THE CHAIRMAN: Thank you, Mr Hopkins. I know we are getting very close to the lunch break but could I first of all ask now the situation as you now see it, Ms Smith?

MS SMITH: Thank you, sir. As far as I am concerned I am going to invite the Panel to give consideration to my beginning my cross-examination of Dr Wakefield tomorrow morning, in other words not sitting this afternoon. I am very conscious of the constraints of time and I am certainly not being profligate with it, but I should underline something that I am sure you are all aware of already, and that is that under the Old Rules under which this case is being conducted whereas every single document that I produce and every oral witness from whom you have heard the defence have many weeks notice in respect of, the same does not apply the other way round. That is not a complaint, it is just the way the system is, so the oral evidence that we hear and the documents that the defence produce are the first that we hear of the defence case.

I hope you will accept from me that cross-examination is shorter if it is structured and it would be helpful to me to have this afternoon in order to analyse the points that have been put this morning by Mr Hopkins and Mr Miller. It also seems to me, sir, that you will find cross-examination the more enlightening the more time you have to remind yourself of the earlier parts of Dr Wakefield’s really exceptionally long evidence-in-chief, and in those circumstances I am going to invite you to use this afternoon as a reading afternoon.
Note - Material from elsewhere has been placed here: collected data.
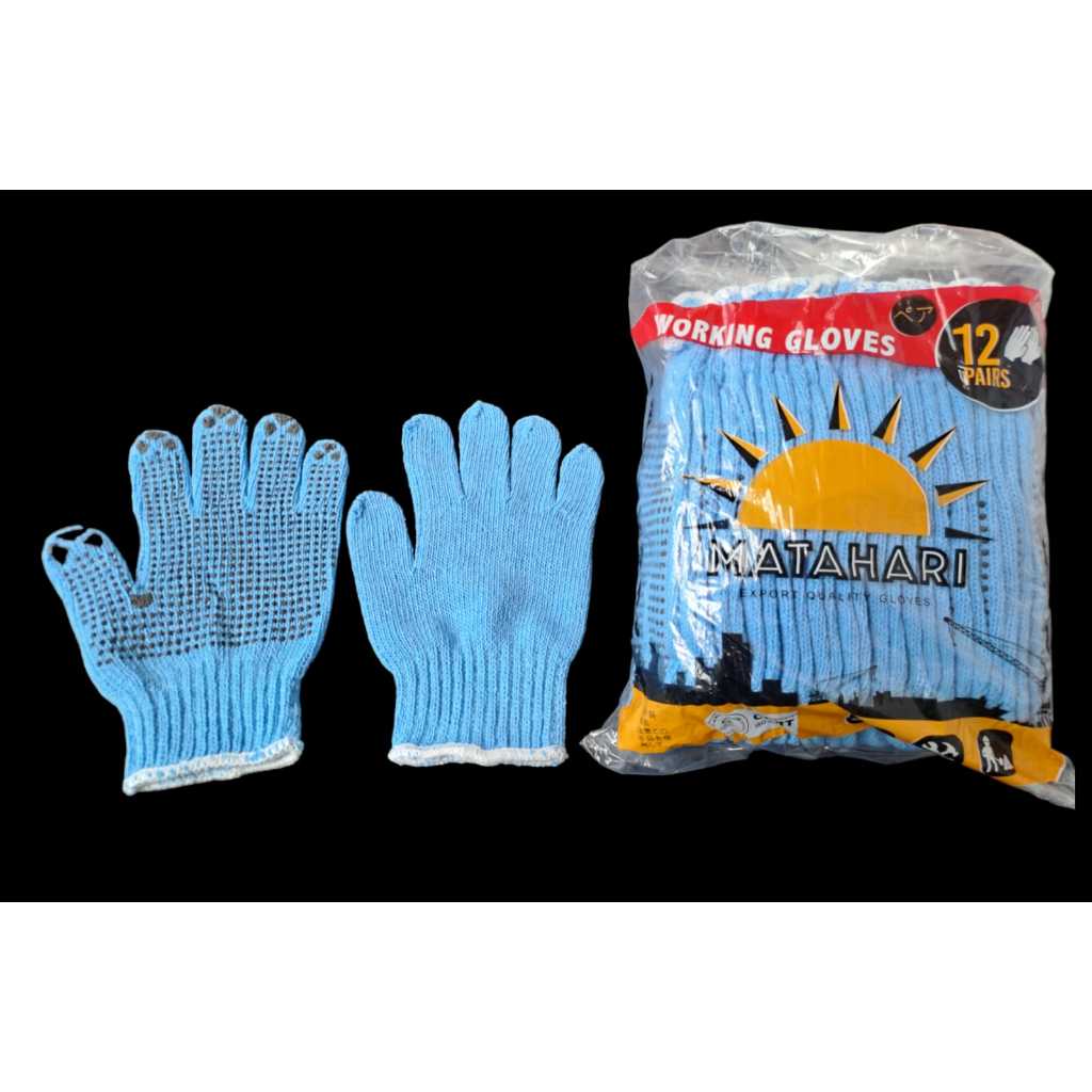 Sarung Tangan Benang BIRU MUDA Bintik Hitam 12 pasang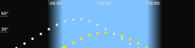 | Höchster Stand (Kulmination) | 09:32 Uhr (h=54.7°) |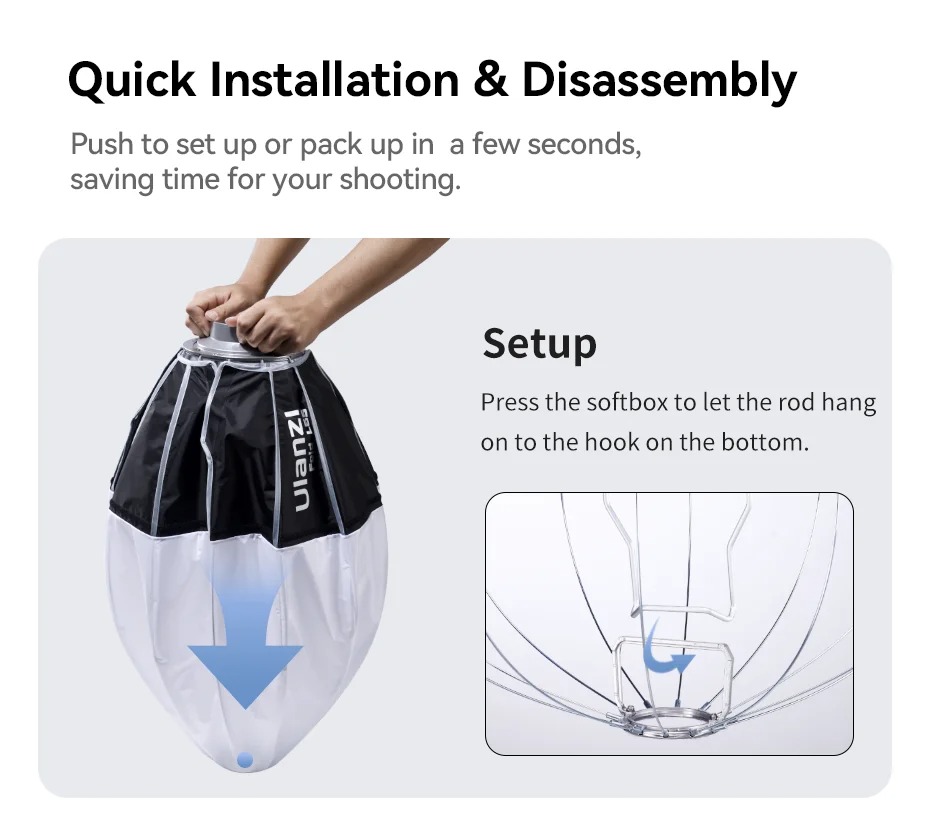 - Lắp đặt và tháo rời nhanh chóng chỉ cần nhấn để dựng hoặc thu gọn trong vài giây, tiết kiệm thời gian chụp ảnh.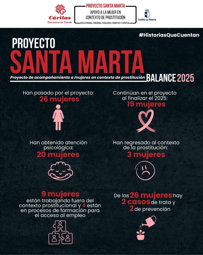 El programa Santa Marta de Cáritas Diocesana de Toledo ha ayudado a nueve mujeres a encontrar empleo tras dejar la prostitución, enfocándose en víctimas de trata. En el último año, 26 mujeres participaron, con apoyo financiero de la Junta. El proyecto se basa en atención psicológica, necesidades básicas y formación laboral.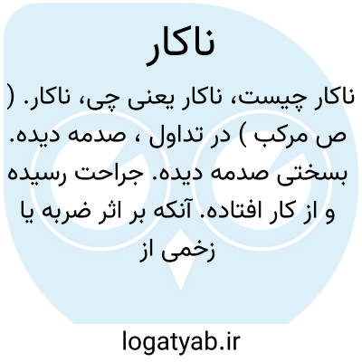 ناکار. ( ص مرکب ) در تداول، صدمه دیده. بسختی صدمه دیده. جراحت رسیده و از کار افتاده. آنکه بر اثر ضربه یا زخمی از کار افتاده باشد.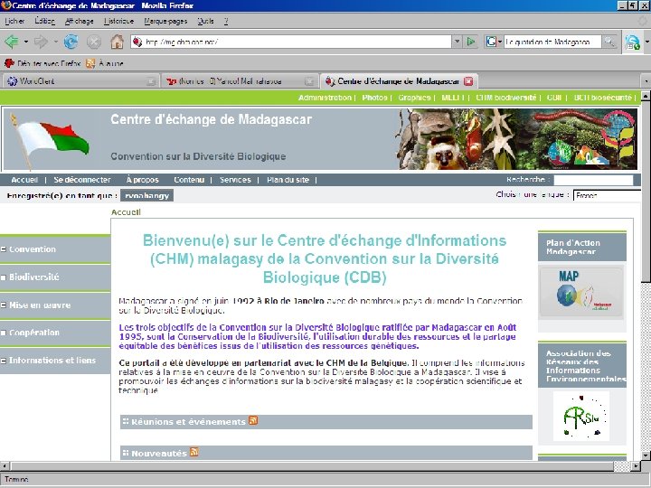 Développement du siteweb CHM/CDB de Madagascar • Désignation de l’ONE comme point focal CHM / CDB • • Développement du site dans le cadre d’un partenariat avec le CHM Belgique (IRSc. NB) en 1998 sous-site de l’ONE Formation d’un cadre de l’ONE en 1999 Mise à jour du site (partenariat avec les institutions oeuvrant dans le domaine de la biodiversité) Developpement de l’European Community CHM (open source, Via Internet, Facilité d’utilisation, Plusieurs utilisateurs, Différents rôles, Pages dynamiques avec métadonnées) lancement en 2005 2004 : Financement de la mise en place des points focaux CHM dans quelques Régions de Madagascar Application aux pays partenaires du CHM Belgique dont Madagascar : Formation des contributeurs et administrateurs du site en 2006 (ONE, ANGAP, MEEFT, SAGE, MAEP) 2007 : Intégration de Madagascar dans le réseau des CHM/CDB avec un nouveau nom de domaine Fin 2007 : Projet d’opérationnalisation et lancement officiel du siteweb
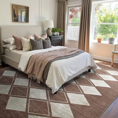 Large 10×14 Farmhouse Area Rug – Beige Brown Low-Pile Washable Living Room & Bedroom Carpet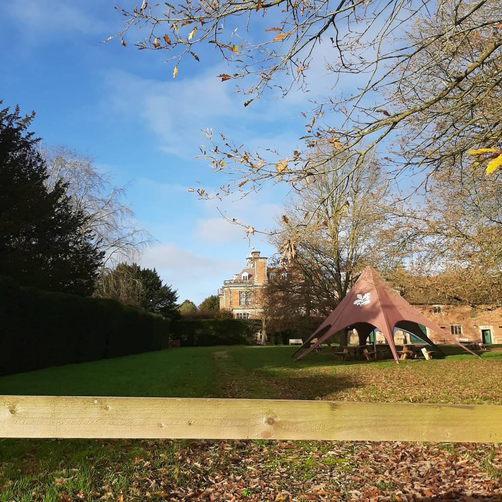 I vowed to treat the journey as part of the adventure, easier as the sun was brilliantly shining, it was a glorious day. I had found myself a lovely dog friendly cafรฉ with walks along the route, like being on holiday. This halfway stop was at Sudbury, where the Childrensโ Country house and museum, stands, a National Trust country hall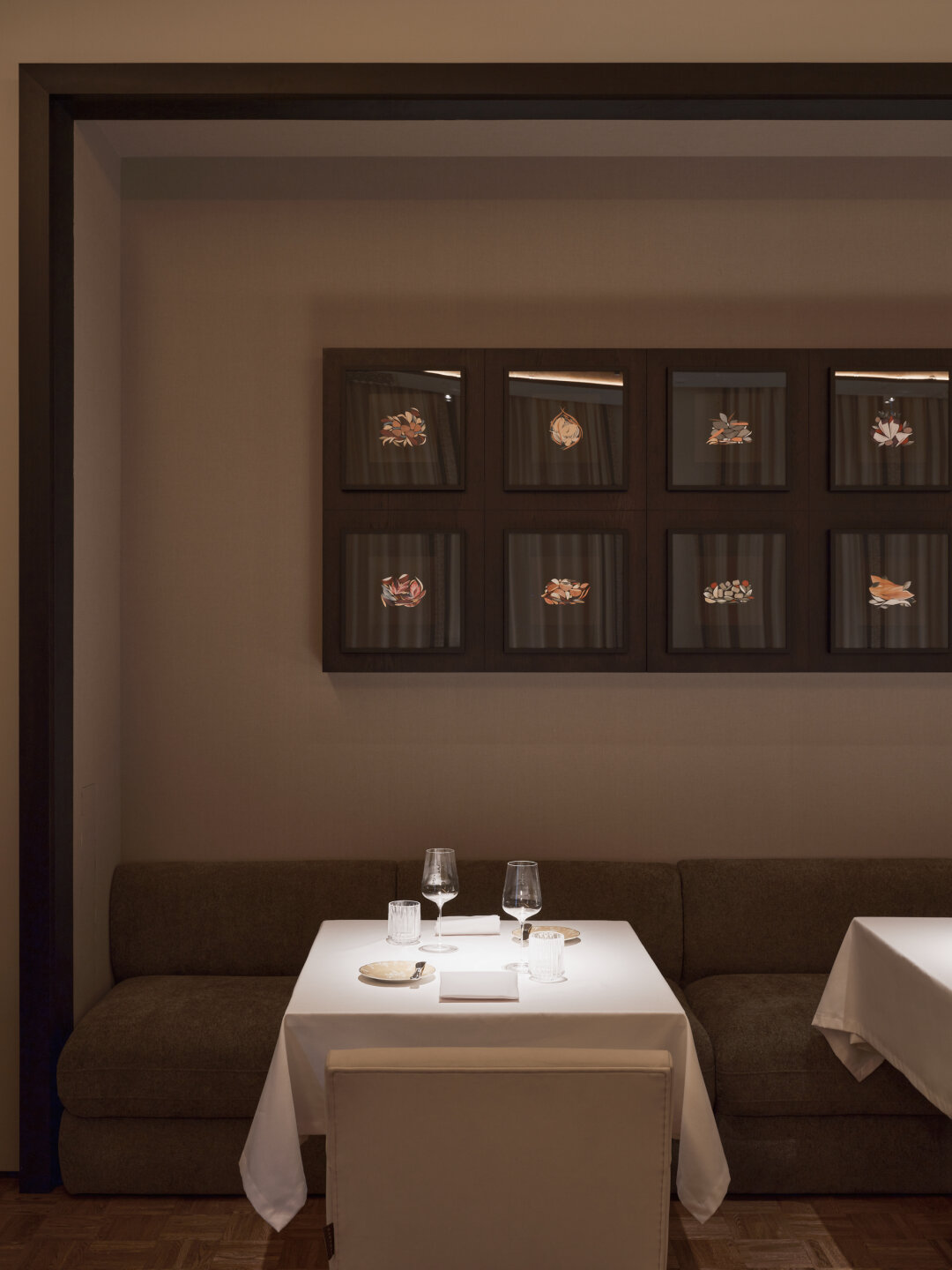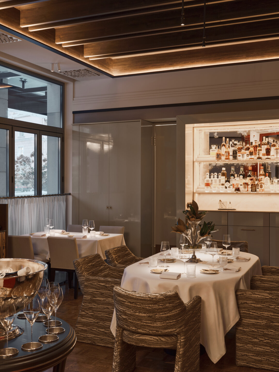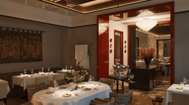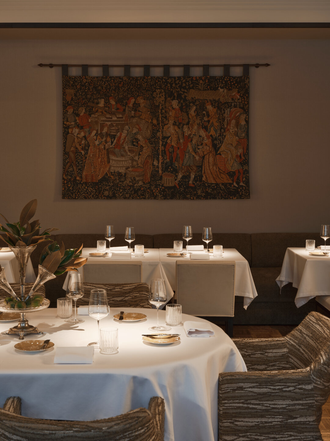 В интерьере от Анастасии Хальчицкой россыпь драгоценностей: муранская люстра Doria Leuchten, французский гобелен Jean Pansu, «овощная» работа, купленная лично у Алена Пассара, французского шеф-повара, чей ресторан L'Arpège с тремя звездами «Мишлен» стал полностью веганским летом 2025 года. На столах — белые скатерти и фарфоровая посуда из Германии, расписанная бергамотами по собственному заказу.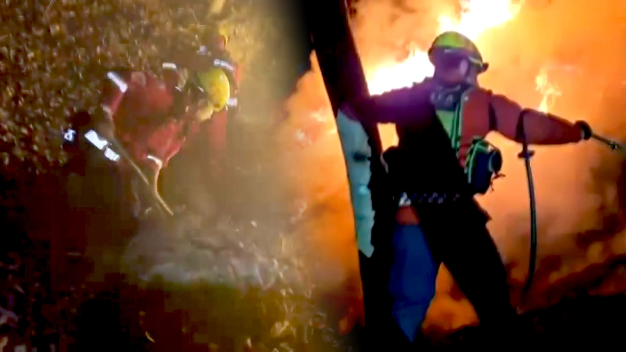 시뻘건 불길을 앞에 두고 진화대원 두 명이 무릎 넘게 쌓인 낙엽을 걷어냅니다.

I would say – it is a very peripheral matter – that we shall use this afternoon to do a bit of shifting of the room so that I am a bit closer to the witness, because the present situation is not satisfactory, as I pointed out to you at the beginning, when I am actually on my feet with a witness.

THE CHAIRMAN: We anticipated this request coming from you and in fact the Panel was considering that request already. If it is practically not possible for you – and I can see the reasons and I think the Panel can see the reasons for this adjournment this afternoon – we will start the cross-examination tomorrow morning. Obviously, you are going to reposition your furniture in this particular room during this afternoon so it will obviously not be right and proper for the Panel to be present in this room at that particular stage.

MS SMITH: That is right, sir, because in order to bring our table forward – with the defence consent of course – we are going to have to move their tables a bit in that direction so it is rather more elaborate than just shoving this table forward.

THE CHAIRMAN: Again, we all anticipated this request coming from you to a certain extent and, as I have said, the Panel have considered it already and are sympathetic to that particular request.

We will adjourn now for lunch and the Panel will do the reading as appropriate in the afternoon, but for the formal public session we will resume tomorrow morning at 9.30.

Dr Wakefield, you are going to remain under oath and you are still in the middle of giving evidence; therefore, please make sure that you continue to observe that you do not discuss this case with anyone. We will now adjourn, thank you.